“Fratelli Tutti”. Uma carta de um “perigoso extremista de esquerda”


A chegada de Bergoglio ao Papado foi só por si um movimento de rutura na história recente da Igreja Católica, por várias razões.  Jesuíta, vindo do hemisfério sul e da América Latina e disposto a transformar o mundo católico, tornando-o mais próximo das palavras do Evangelho em detrimento da manutenção de um “status quo” bafiento…


Não obstante a Igreja Católica ser uma instituição de espiritualidade e aspiração metafísica continua a desempenhar um papel relevantíssimo neste mundo secular, quer pelos milhões de crentes no mundo, quer pelo enraizamento sociocultural na sociedade. Para o melhor e para o pior. Sendo a Igreja Católica uma organização de pessoas, também aí se revelam problemas de corrupção, abuso de poder, criminalidade de várias espécies, das quais a pedofilia assume particular destaque. Apesar disto, também discute o mundo e a sua evolução. É, precisamente, aqui que nos iremos concentrar.

Após um papado ultraconservador já neste século XXI, Francisco e o seu pensamento surgem como que um vendaval de realidade que irrompe pelas portas e janelas do Vaticano, deixando um sem número de católicos ultraconservadores sem saber o que dizer e que fazer após cada palavra, ação ou encíclica do Papa Francisco.
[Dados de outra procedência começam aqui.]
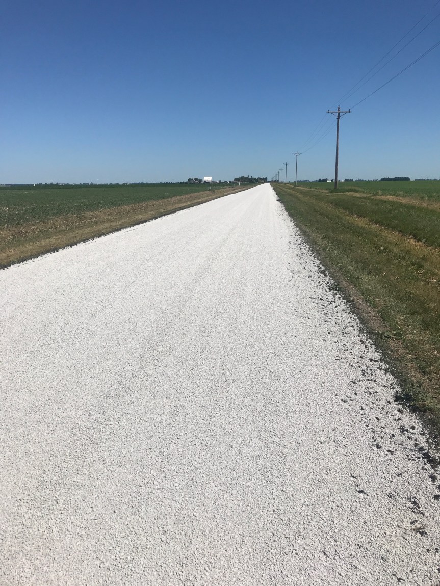 Many of the county roads are paved with chip seal. The road is coated with sticky tar and then gravel is put in top. I road a few miles on roads that had been recently renewed. It slowed me down but didn’t approach the level of unpleasantness that other bike tourists had warned me about.

Foi assim com “Laudato Si”, com um lancinante apelo para a sustentabilidade ambiental do mundo em que habitamos, exortando a Humanidade para o combate às alterações climáticas, onde o antropocentrismo não pode estar dissociado do ecocentrismo e é assim, agora, com a recente encíclica “Fratelli Tutti”, onde Francisco, sem qualquer tibieza, faz uma excecional análise das causas dos problemas que atravessamos, tendo em conta o modelo económico em que vivemos.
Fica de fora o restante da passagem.